[INFORMATION SUPPLIED]:

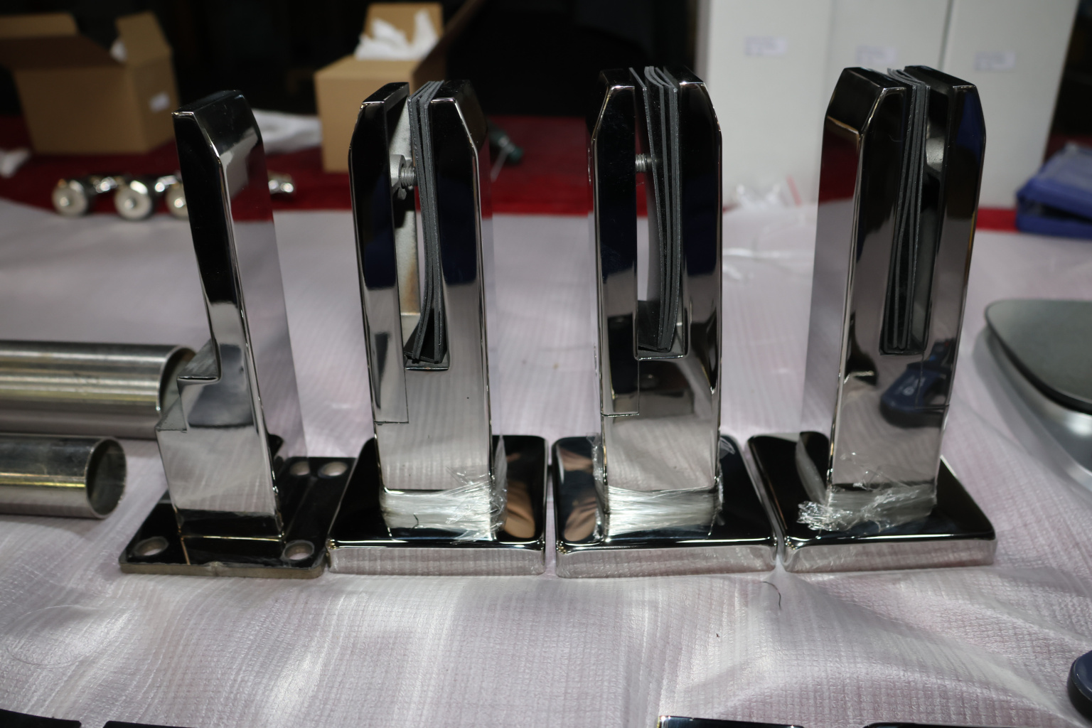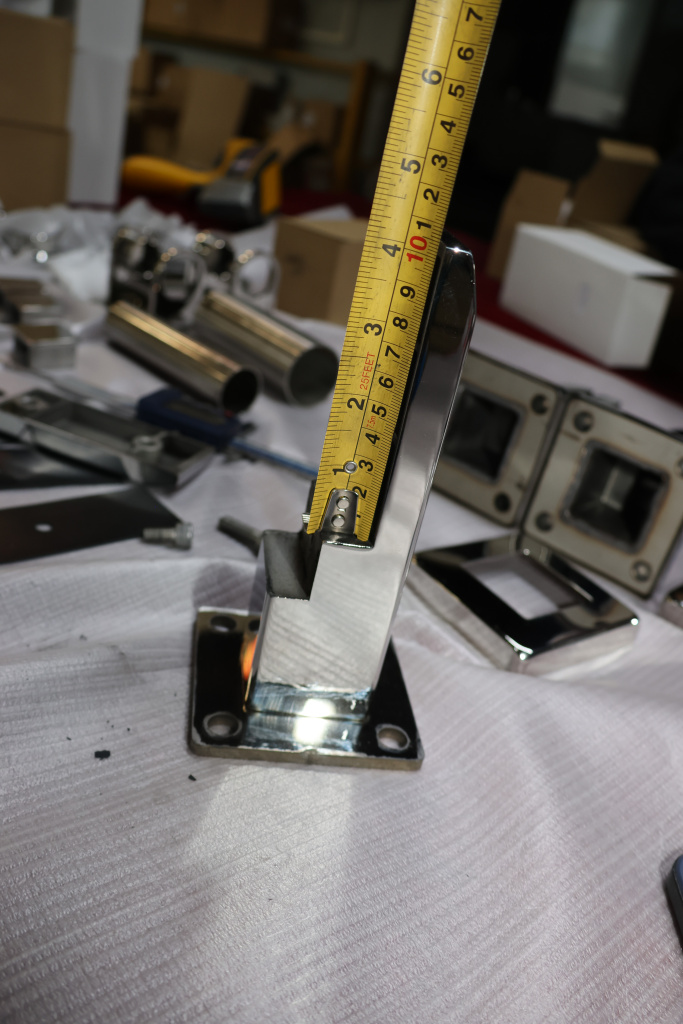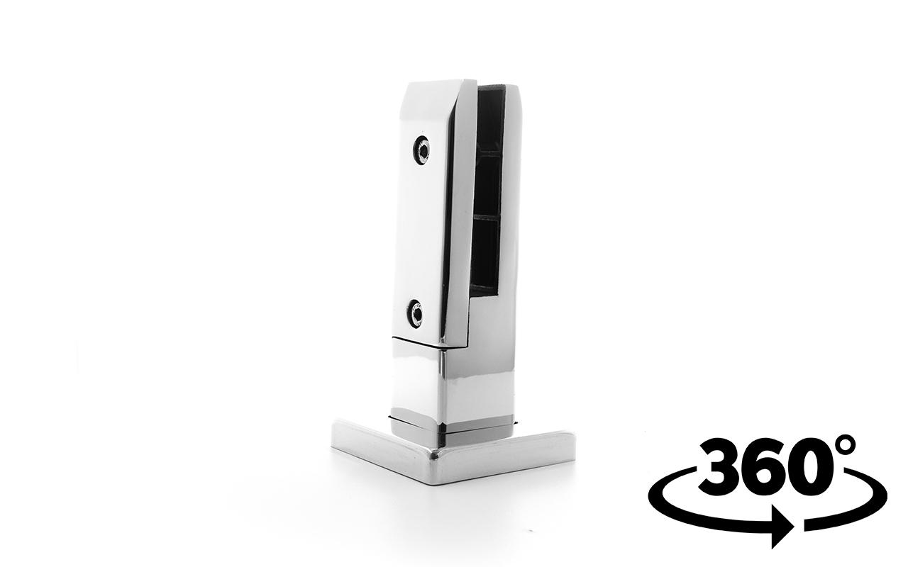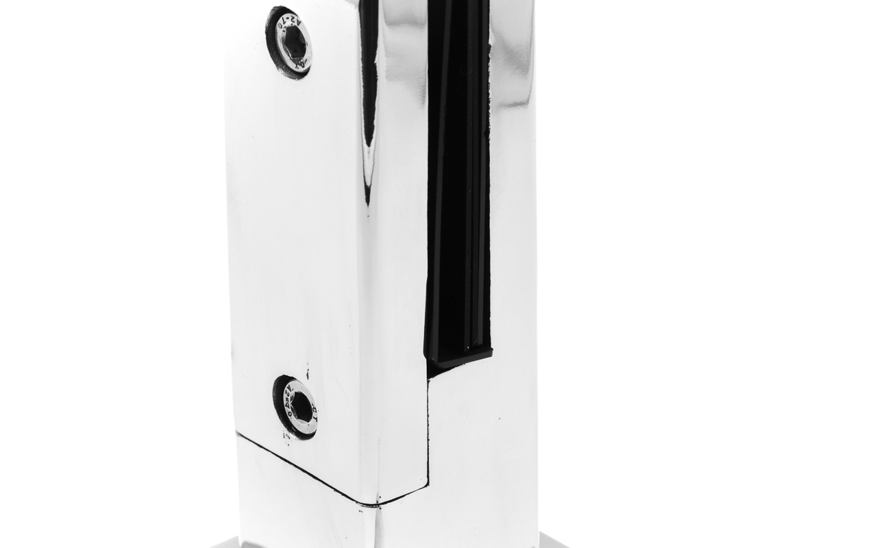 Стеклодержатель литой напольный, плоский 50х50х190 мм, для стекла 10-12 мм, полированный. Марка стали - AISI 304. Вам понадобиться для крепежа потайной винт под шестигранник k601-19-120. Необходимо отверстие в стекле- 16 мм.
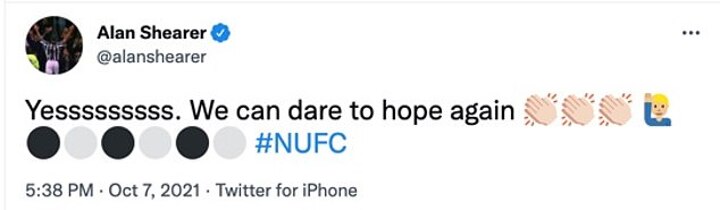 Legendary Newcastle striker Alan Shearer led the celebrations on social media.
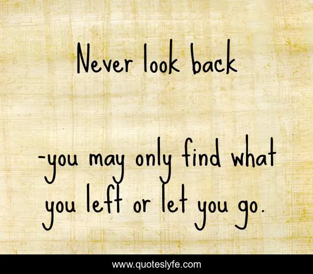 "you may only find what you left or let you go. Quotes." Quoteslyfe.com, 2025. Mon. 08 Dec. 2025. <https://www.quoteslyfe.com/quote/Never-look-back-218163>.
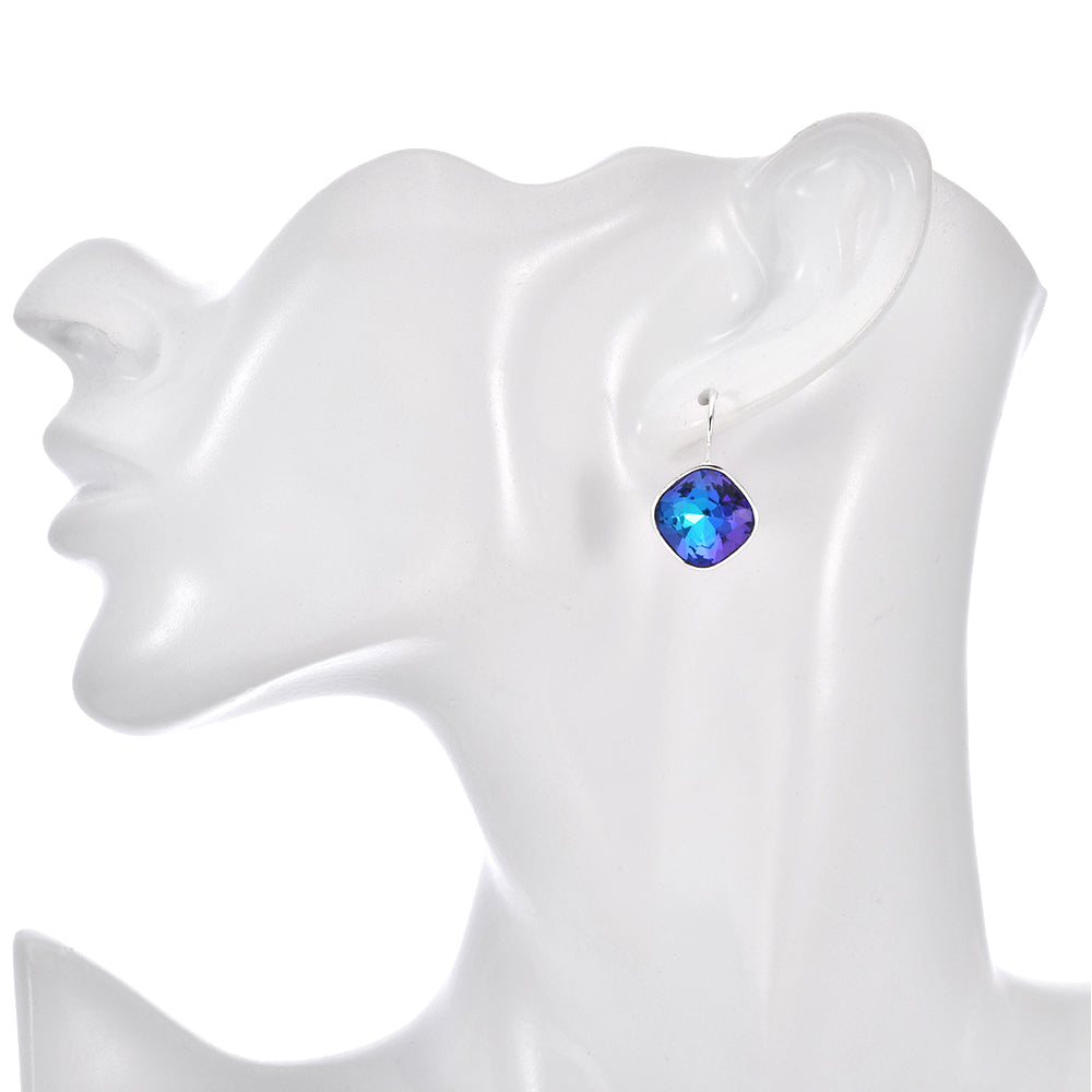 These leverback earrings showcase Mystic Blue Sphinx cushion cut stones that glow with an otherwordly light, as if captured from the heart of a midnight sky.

* * *

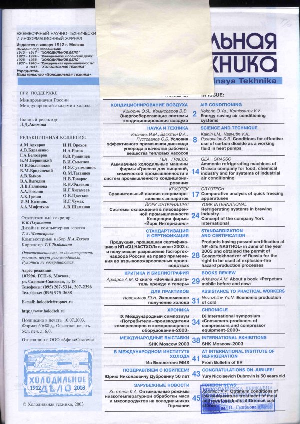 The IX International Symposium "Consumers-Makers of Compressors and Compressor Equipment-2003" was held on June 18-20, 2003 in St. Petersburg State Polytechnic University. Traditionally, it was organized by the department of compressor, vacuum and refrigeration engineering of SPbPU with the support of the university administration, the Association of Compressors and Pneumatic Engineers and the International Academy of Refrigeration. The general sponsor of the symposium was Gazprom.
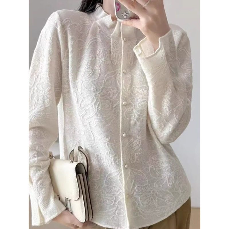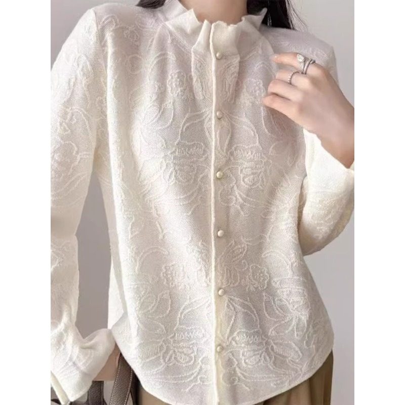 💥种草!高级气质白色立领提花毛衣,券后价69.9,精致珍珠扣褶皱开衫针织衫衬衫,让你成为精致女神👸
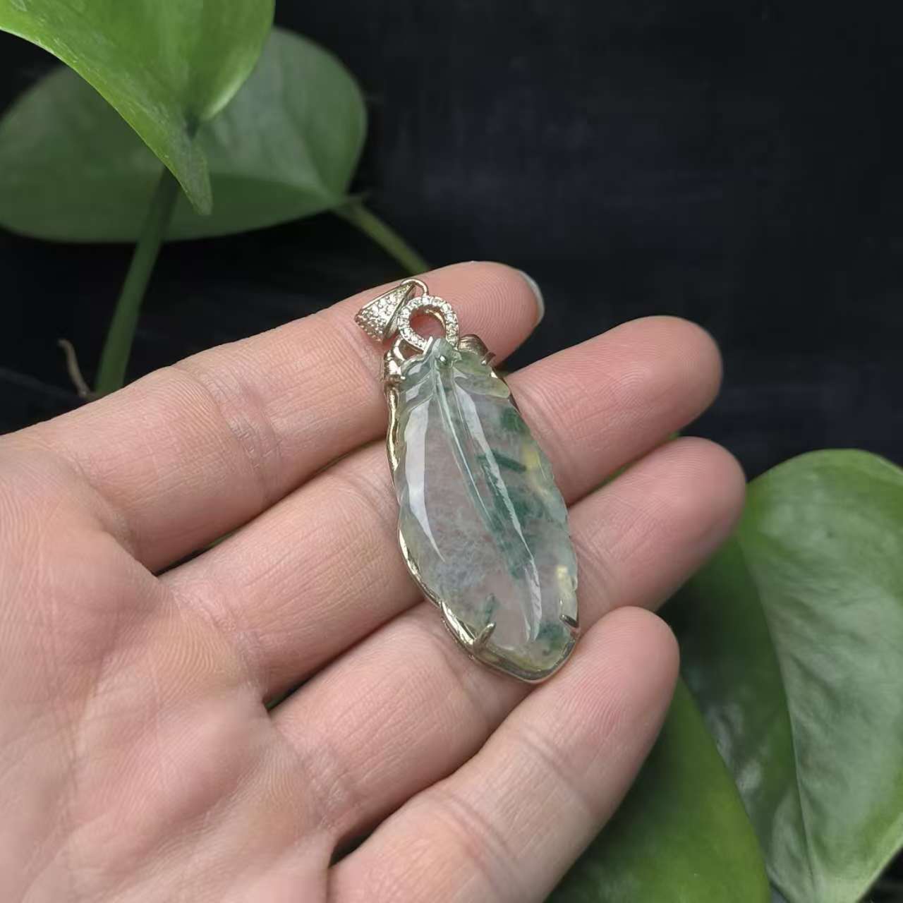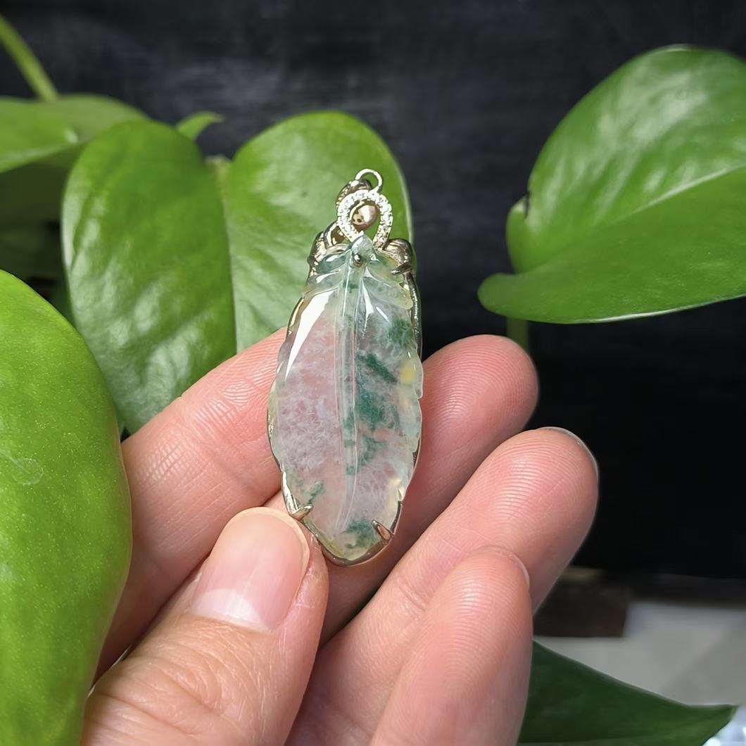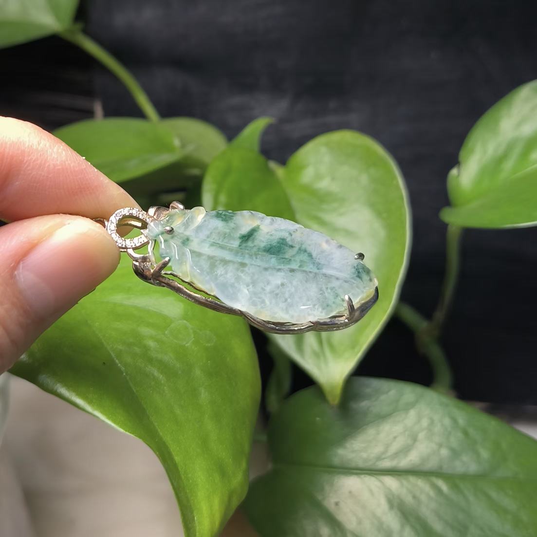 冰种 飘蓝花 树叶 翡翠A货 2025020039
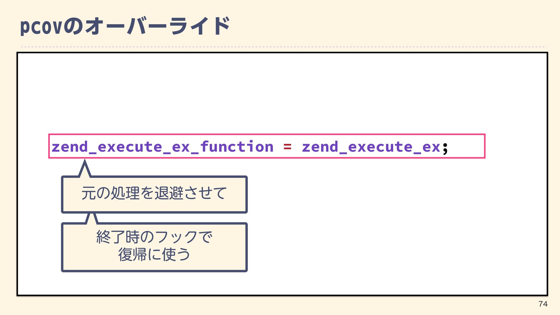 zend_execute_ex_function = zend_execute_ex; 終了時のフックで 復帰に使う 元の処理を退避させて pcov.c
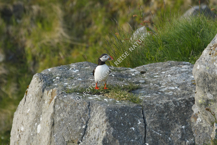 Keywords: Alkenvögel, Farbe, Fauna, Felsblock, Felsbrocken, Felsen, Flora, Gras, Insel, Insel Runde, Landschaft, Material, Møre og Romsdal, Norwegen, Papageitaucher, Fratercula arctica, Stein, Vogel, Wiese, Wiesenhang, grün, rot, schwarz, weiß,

[DIRECTIONS FOR THIS TASK]:
Exactly as written above, retype the lines starting at the one holding "Legendary Newcastle striker" and ending at the one holding "These leverback earrings", both included, but not the pictures.

[OUTPUT OF THE TASK]:
 Legendary Newcastle striker Alan Shearer led the celebrations on social media.
 "you may only find what you left or let you go. Quotes." Quoteslyfe.com, 2025. Mon. 08 Dec. 2025. <https://www.quoteslyfe.com/quote/Never-look-back-218163>.
 These leverback earrings showcase Mystic Blue Sphinx cushion cut stones that glow with an otherwordly light, as if captured from the heart of a midnight sky.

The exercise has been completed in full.